Griepp Randall B, Griepp Eva B
Department of Cardiothoracic Surgery, Mount Sinai School of Medicine, New York, New York, USA.
Ann Thorac Surg. 2007 Feb;83(2):S865-9; discussion S890-2. doi: 10.1016/j.athoracsur.2006.10.092.
In the last two decades, as an increasing number of patients with descending thoracic and thoracoabdominal aneurysms are being diagnosed and treated, a more sophisticated understanding of spinal cord perfusion has become important in the attempt to minimize the frequency of spinal cord injury. The synthesis of information from laboratory studies and clinical experience has led to the collateral network concept, a framework for understanding spinal cord perfusion and thereby improving spinal cord protection during treatment of aneurysmal disease of the aorta distal to the left subclavian artery. Application of principles based on the collateral network concept has resulted in falling rates of spinal cord injury, which now approach 1% in descending thoracic aneurysm resection and less than 10% in extensive thoracoabdominal resections.

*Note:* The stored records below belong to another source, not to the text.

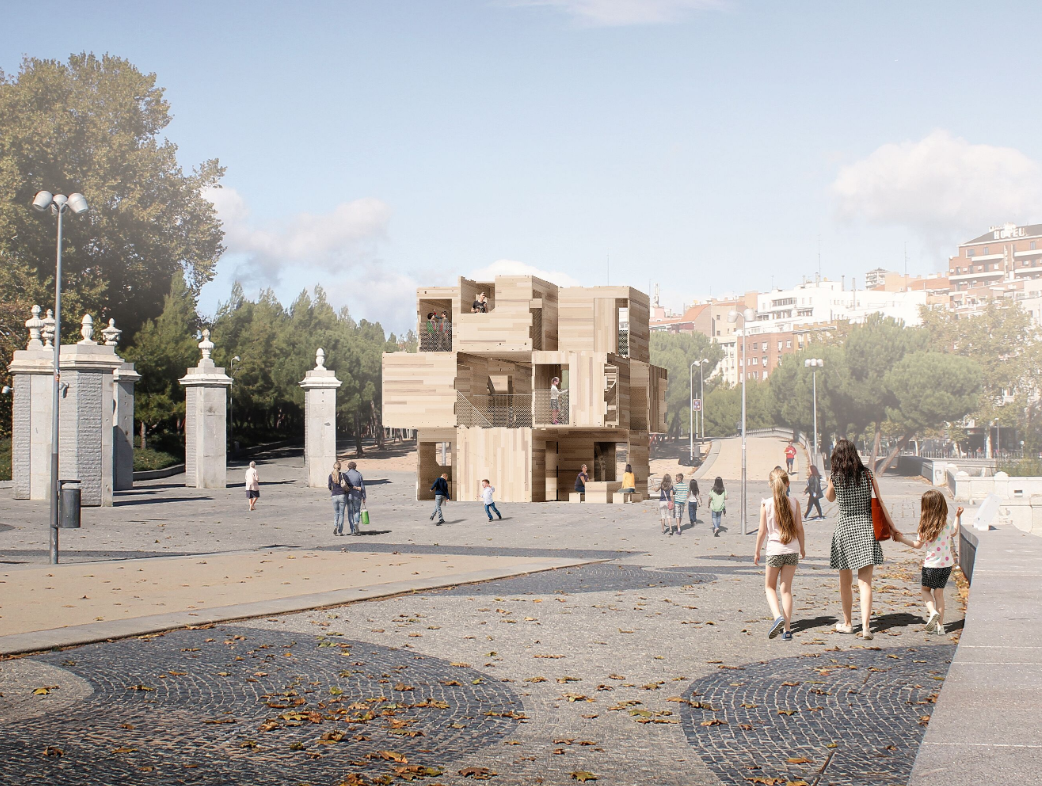MultiPly is comprised of a maze-like series of interconnected spaces that overlap and intertwine. It has been conceived and constructed to encourage visitors to re-think the way we design and build our homes and cities. The three-dimensional structure is constructed from a flexible system of 12 CLT modules of American tulipwood with digitally manufactured joints, as if it were a piece of furniture ready to assemble. Because it is composed of modules, the construction can be disassembled and reassembled. It was first shown as part of London Design Festival in 2018, in the Sackler Courtyard of the Victoria and Albert Museum, outside the Building Centre in London with New London Architecture, and then at the Universite deglie Studi di Milano, as part of Interni’s ‘Human Spaces’ exhibition at Milan Design Week 2019, and is presented here in Madrid for its fourth iteration.
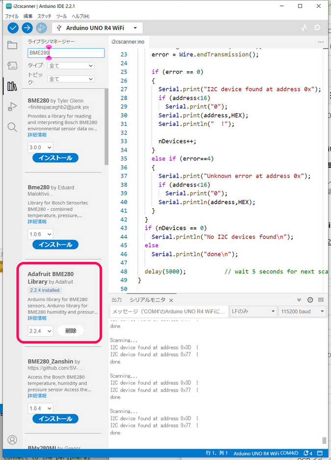 BME280으로 검색하여 찾은 Adafruit BME280 라이브러리를 설치합니다.
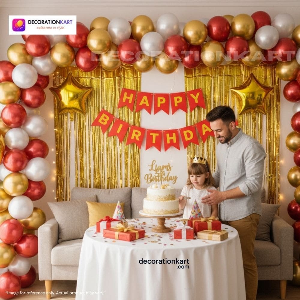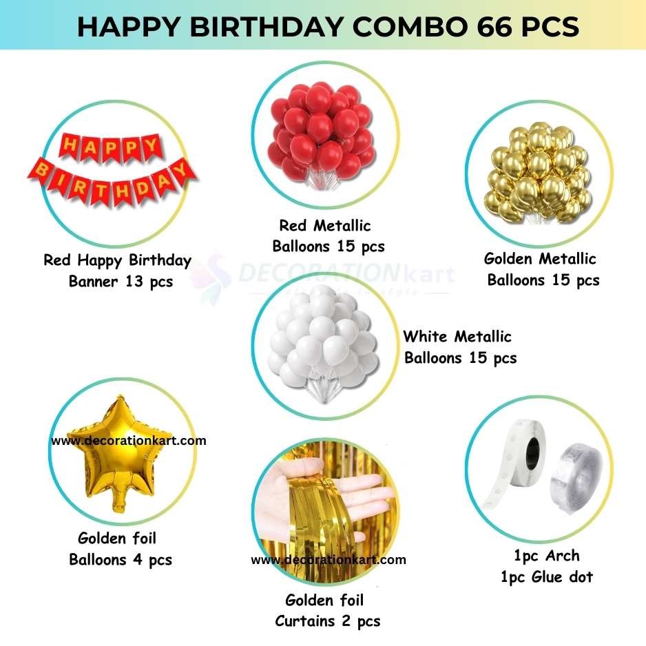 - Make birthdays unforgettable with the DECORATIONkart 66 Pcs Birthday Party Decoration DIY Kit, a complete set designed to bring elegance, festivity, and joy to any celebration. With a bold red cardstock banner, shimmering golden curtains, and a trio of metallic balloons, this kit ensures your party space looks professional, vibrant, and picture‑perfect. Whether you’re hosting a child’s birthday, a milestone celebration, or a surprise party, this all‑in‑one kit saves time, reduces stress, and guarantees stunning results.
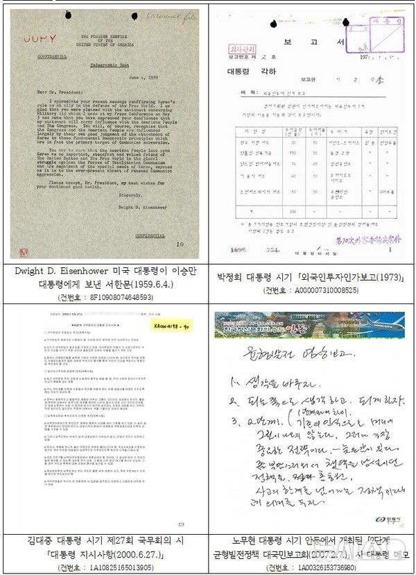이번에 공개되는 주요 대통령기록물은 대통령 외교서한, 각 대통령별 주요 정책을 담고 있는 보고 및 회의 자료 등이다.
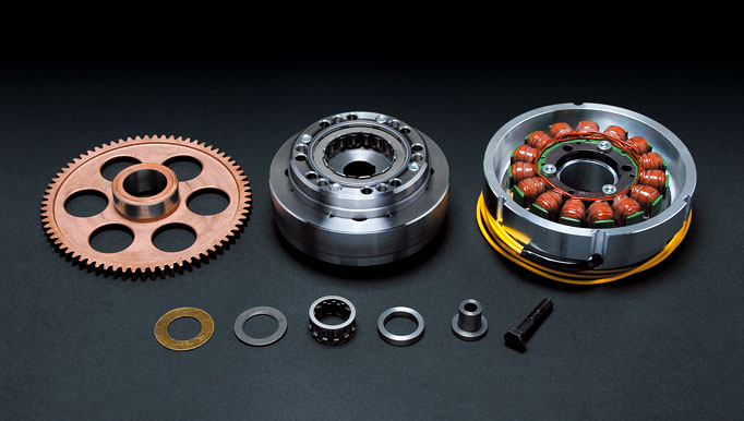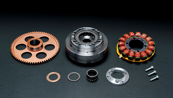 軽量化された新型アウターローター式のジェネレーターユニットを採用。カム式ワンウェイユニットとギヤも含めたKIT。ギヤのクラッチ接触部の径は純正のφ42.2からφ45.7へ大径化。
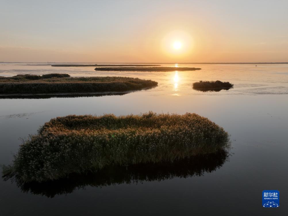 烏梁素海落日美景(無(wú)人機照片,9月13日攝)。
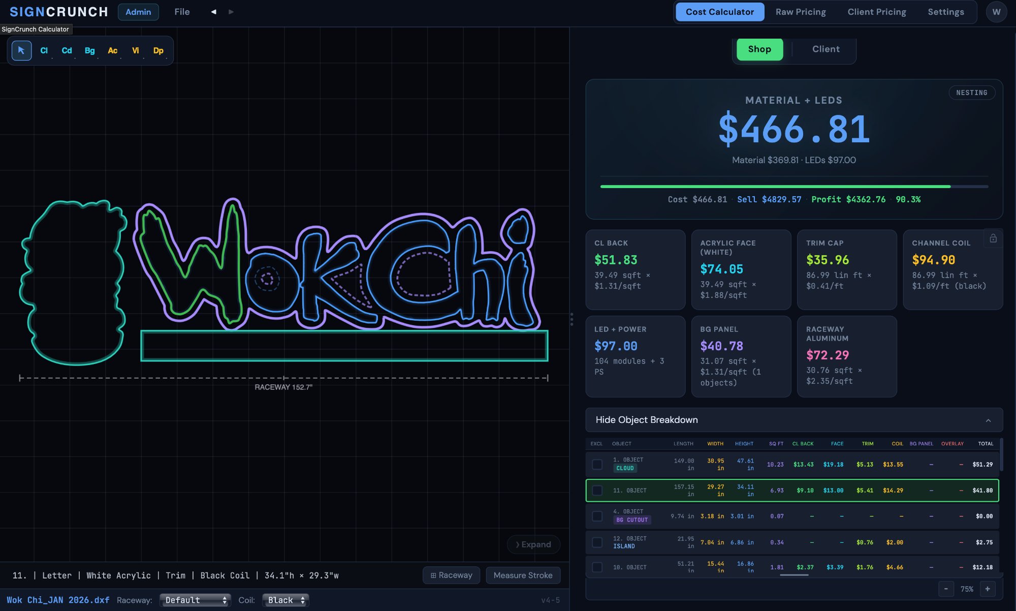 Shop report shows every material cost per letter. Client proposal shows only your sell prices — material costs stay hidden.

These accomplishments suggest that, with further investigation, routine sacrifice of segmental aortic branches can be carried out in a way that will allow surgical and endovascular therapy of extensive distal aortic aneurysms without neurologic injury.
在过去二十年中,随着越来越多的降胸段和胸腹段动脉瘤患者得到诊断和治疗,为尽量减少脊髓损伤的发生率,对脊髓灌注有更深入的了解变得至关重要。实验室研究和临床经验信息的综合产生了侧支网络概念,这是一个用于理解脊髓灌注从而在治疗左锁骨下动脉远端主动脉瘤性疾病期间改善脊髓保护的框架。基于侧支网络概念的原则的应用已导致脊髓损伤发生率下降,目前降胸段动脉瘤切除术的发生率接近1%,广泛胸腹段切除术的发生率不到10%。这些成果表明,随着进一步研究,节段性主动脉分支的常规牺牲可以以一种允许对广泛的远端主动脉瘤进行手术和血管内治疗而不造成神经损伤的方式进行。